* **WHAT IS BEING ASKED**
Transcribe this listing exactly; omit the pictures.

--- MATERIAL FOR THE TASK ---

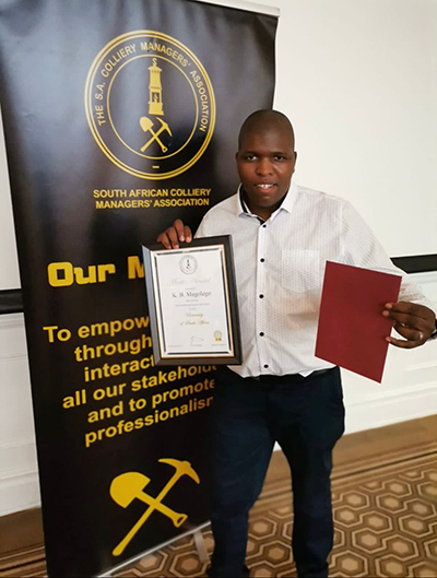 Kgariri Benny Magolego from the Department of Mining Engineering in the College of Science, Engineering and Technology was recently recognised as a top achieving student in Coal Mining Engineering at the South African Colliery Managers’ Association (SACMA) Annual General Meeting Awards held on 25 February 2022 at the Country Club, Johannesburg. His hard work and perseverance have earned him a merit award as a Top Coal Mining Engineering student for 2021 from the University of South Africa (Unisa). The merit certificate was accompanied by prize money to the value of R2 500.
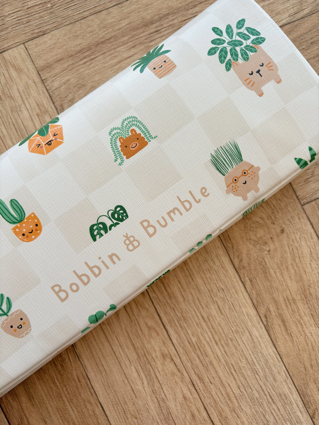 Add a little leafy charm to your outings with our exclusive Potted Plant Travel Changing Mat, available only at Bobbin and Bumble. Featuring adorable illustrated succulents and potted plants, including character pots shaped like llamas, snails, and friendly faces. This fun design is perfect for parents who love a bit of whimsy with their practicality.
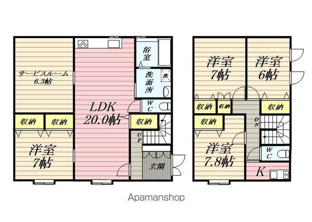 | 間取り詳細 | LDK(20帖)、洋室(7.8帖)、洋室(7帖)、洋室(7帖)、洋室(6帖)、S(6.3帖) | ||
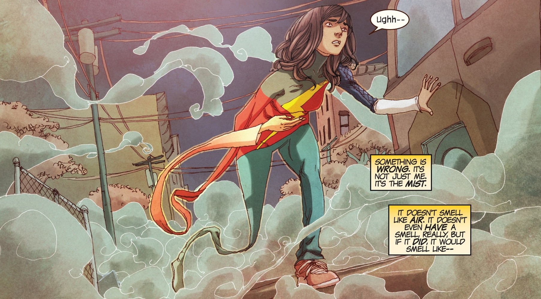 Si el nuevo Motorista Fantasma era un chico latino de un barrio marginal, este cómic nos presenta a Kamala Khan, una adolescente musulmana de origen paquistaní y afincada en Nueva Jersey. Tiene unos padres bastante conservadores (aunque no le hacen llevar el tradicional hiyab) y le ocurre lo que a cualquier adolescente. En uno de los enfrentamientos con sus padres para asistir a una fiesta, Kamala se escapa de casa y, a la vuelta, es sorprendida por una extraña niebla que le concede un deseo: ser Ms. Marvel, la superheroína (todo ello conectado con hechos anteriores de la continuidad del universo Marvel que no nos interesan). A partir de entonces, Kamala descubre que su cuerpo tiene poderes metamórficos y tendrá que empezar a controlarlos, así como aprender a convivir con ellos como adolescente.
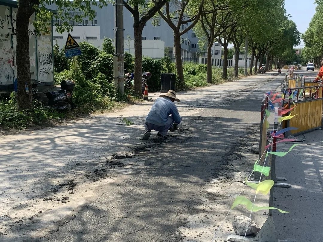 随后,记者联系了相关部门了解情况,据工作人员介绍,由于龙跃村农民集中居住点天然气管道铺设,施工人员对该路段进行开挖,直至7月中旬,才开始道路修复,后由于高温天气,施工暂缓。近期,已经逐渐恢复施工,但考虑到天气过于炎热,为防止工作人员中暑,每天只施工半天。
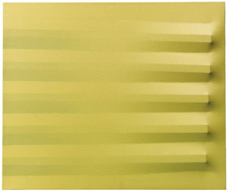 AGOSTINO BONALUMI N. 1935 GIALLO signed on the reverse, shaped canvas and enamel. Executed in 1973 firmato sul retro tela estroflessa e smalto cm 45x55 Eseguito nel 1973 Opera registrata presso l'Archivio Bonalumi, Milano, con il n. 73-005 L'opera è accompagnata da certificato su fotografia rilasciato dall'Archivio Bonalumi, Milano
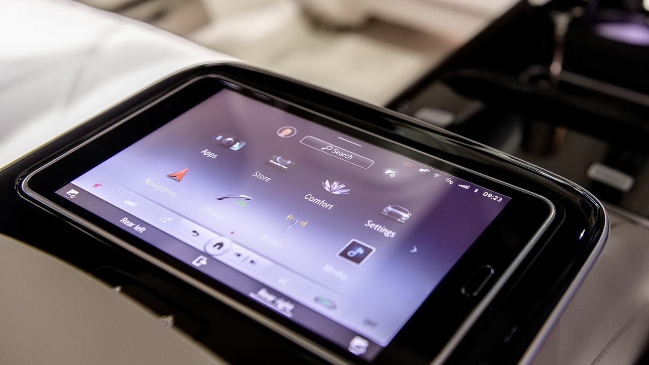 Атмосферу сзади улучшает раздельный климат-контроль, подушки-подголовники, ионизация воздуха. Развлекать пассажиров в поездке будет мультимедиа с дистанционным управлением, и премиальная музыка Burmester с 24 динамиками.

---

* **SOLUTION BELOW**
 Kgariri Benny Magolego from the Department of Mining Engineering in the College of Science, Engineering and Technology was recently recognised as a top achieving student in Coal Mining Engineering at the South African Colliery Managers’ Association (SACMA) Annual General Meeting Awards held on 25 February 2022 at the Country Club, Johannesburg. His hard work and perseverance have earned him a merit award as a Top Coal Mining Engineering student for 2021 from the University of South Africa (Unisa). The merit certificate was accompanied by prize money to the value of R2 500.
 Add a little leafy charm to your outings with our exclusive Potted Plant Travel Changing Mat, available only at Bobbin and Bumble. Featuring adorable illustrated succulents and potted plants, including character pots shaped like llamas, snails, and friendly faces. This fun design is perfect for parents who love a bit of whimsy with their practicality.
 | 間取り詳細 | LDK(20帖)、洋室(7.8帖)、洋室(7帖)、洋室(7帖)、洋室(6帖)、S(6.3帖) | ||
 Si el nuevo Motorista Fantasma era un chico latino de un barrio marginal, este cómic nos presenta a Kamala Khan, una adolescente musulmana de origen paquistaní y afincada en Nueva Jersey. Tiene unos padres bastante conservadores (aunque no le hacen llevar el tradicional hiyab) y le ocurre lo que a cualquier adolescente. En uno de los enfrentamientos con sus padres para asistir a una fiesta, Kamala se escapa de casa y, a la vuelta, es sorprendida por una extraña niebla que le concede un deseo: ser Ms. Marvel, la superheroína (todo ello conectado con hechos anteriores de la continuidad del universo Marvel que no nos interesan). A partir de entonces, Kamala descubre que su cuerpo tiene poderes metamórficos y tendrá que empezar a controlarlos, así como aprender a convivir con ellos como adolescente.
 随后,记者联系了相关部门了解情况,据工作人员介绍,由于龙跃村农民集中居住点天然气管道铺设,施工人员对该路段进行开挖,直至7月中旬,才开始道路修复,后由于高温天气,施工暂缓。近期,已经逐渐恢复施工,但考虑到天气过于炎热,为防止工作人员中暑,每天只施工半天。
 AGOSTINO BONALUMI N. 1935 GIALLO signed on the reverse, shaped canvas and enamel. Executed in 1973 firmato sul retro tela estroflessa e smalto cm 45x55 Eseguito nel 1973 Opera registrata presso l'Archivio Bonalumi, Milano, con il n. 73-005 L'opera è accompagnata da certificato su fotografia rilasciato dall'Archivio Bonalumi, Milano
 Атмосферу сзади улучшает раздельный климат-контроль, подушки-подголовники, ионизация воздуха. Развлекать пассажиров в поездке будет мультимедиа с дистанционным управлением, и премиальная музыка Burmester с 24 динамиками.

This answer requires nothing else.